→ Requirement
Transcribe exactly the lines that fall between the one holding "Due to heavy" and the one holding "Wystawę odsłonięto w", inclusive, from the entries below.

→ Provided data

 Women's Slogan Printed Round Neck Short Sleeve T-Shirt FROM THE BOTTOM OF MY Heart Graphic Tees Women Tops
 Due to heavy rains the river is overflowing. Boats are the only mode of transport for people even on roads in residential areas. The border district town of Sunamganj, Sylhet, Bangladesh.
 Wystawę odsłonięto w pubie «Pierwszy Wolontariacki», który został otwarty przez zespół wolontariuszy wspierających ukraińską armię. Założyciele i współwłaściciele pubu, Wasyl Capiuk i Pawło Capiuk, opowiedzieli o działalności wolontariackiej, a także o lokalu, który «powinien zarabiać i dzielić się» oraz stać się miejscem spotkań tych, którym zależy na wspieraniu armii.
==
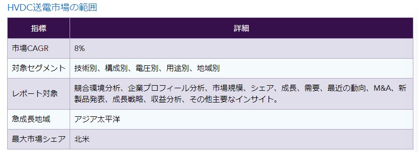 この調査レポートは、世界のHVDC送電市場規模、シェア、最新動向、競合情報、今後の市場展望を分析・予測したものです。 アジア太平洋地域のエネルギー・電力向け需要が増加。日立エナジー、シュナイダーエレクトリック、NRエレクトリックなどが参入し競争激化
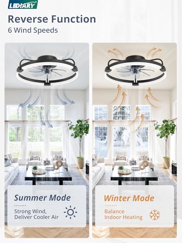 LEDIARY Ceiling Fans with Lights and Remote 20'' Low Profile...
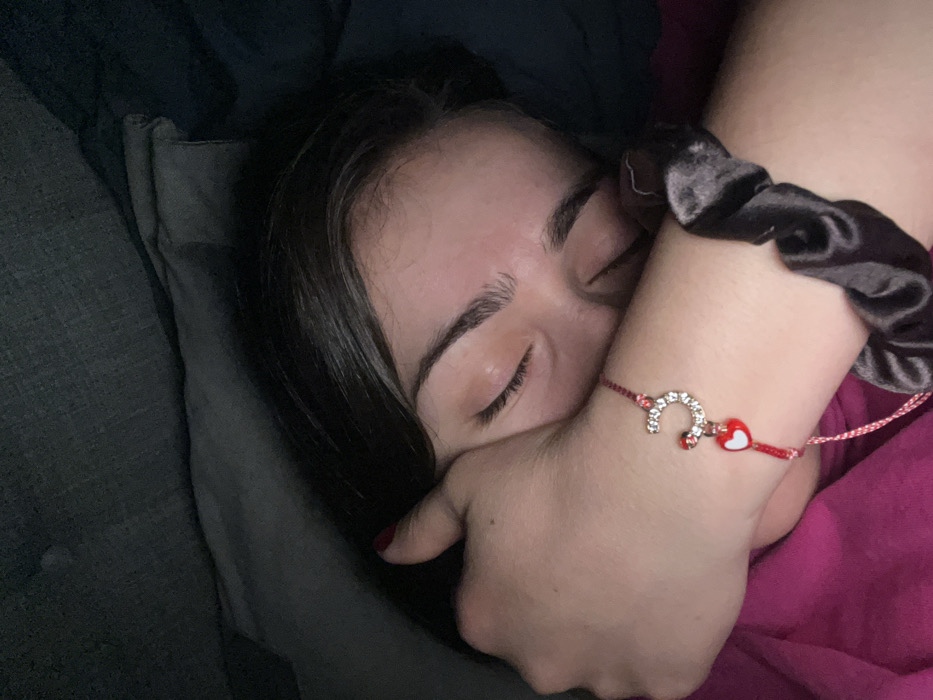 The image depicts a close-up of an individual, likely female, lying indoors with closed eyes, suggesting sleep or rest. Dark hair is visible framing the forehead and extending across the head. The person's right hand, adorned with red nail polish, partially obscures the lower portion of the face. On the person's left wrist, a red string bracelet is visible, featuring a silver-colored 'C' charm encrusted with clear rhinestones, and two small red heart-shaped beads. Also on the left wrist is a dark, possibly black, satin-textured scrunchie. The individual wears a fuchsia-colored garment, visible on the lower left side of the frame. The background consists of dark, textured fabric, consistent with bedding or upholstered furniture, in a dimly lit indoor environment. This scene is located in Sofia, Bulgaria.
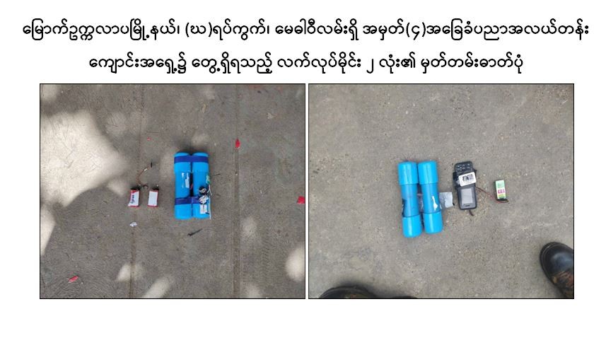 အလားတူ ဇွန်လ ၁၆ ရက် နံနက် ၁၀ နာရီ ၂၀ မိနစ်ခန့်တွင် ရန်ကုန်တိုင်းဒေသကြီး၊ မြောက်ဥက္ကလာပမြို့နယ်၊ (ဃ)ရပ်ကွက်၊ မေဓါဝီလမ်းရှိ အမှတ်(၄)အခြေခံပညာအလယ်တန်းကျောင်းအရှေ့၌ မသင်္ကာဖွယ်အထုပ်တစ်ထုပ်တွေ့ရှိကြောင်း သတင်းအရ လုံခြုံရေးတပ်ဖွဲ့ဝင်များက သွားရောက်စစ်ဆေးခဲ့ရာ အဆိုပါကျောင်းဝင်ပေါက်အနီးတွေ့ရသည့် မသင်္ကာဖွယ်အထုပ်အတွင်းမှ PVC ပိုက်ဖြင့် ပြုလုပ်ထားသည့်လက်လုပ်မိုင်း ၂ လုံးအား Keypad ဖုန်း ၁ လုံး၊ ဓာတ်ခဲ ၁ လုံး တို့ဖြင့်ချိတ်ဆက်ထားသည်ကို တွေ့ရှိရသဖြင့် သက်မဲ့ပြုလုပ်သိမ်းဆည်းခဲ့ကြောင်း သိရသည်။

→ Answer box
 Due to heavy rains the river is overflowing. Boats are the only mode of transport for people even on roads in residential areas. The border district town of Sunamganj, Sylhet, Bangladesh.
 Wystawę odsłonięto w pubie «Pierwszy Wolontariacki», który został otwarty przez zespół wolontariuszy wspierających ukraińską armię. Założyciele i współwłaściciele pubu, Wasyl Capiuk i Pawło Capiuk, opowiedzieli o działalności wolontariackiej, a także o lokalu, który «powinien zarabiać i dzielić się» oraz stać się miejscem spotkań tych, którym zależy na wspieraniu armii.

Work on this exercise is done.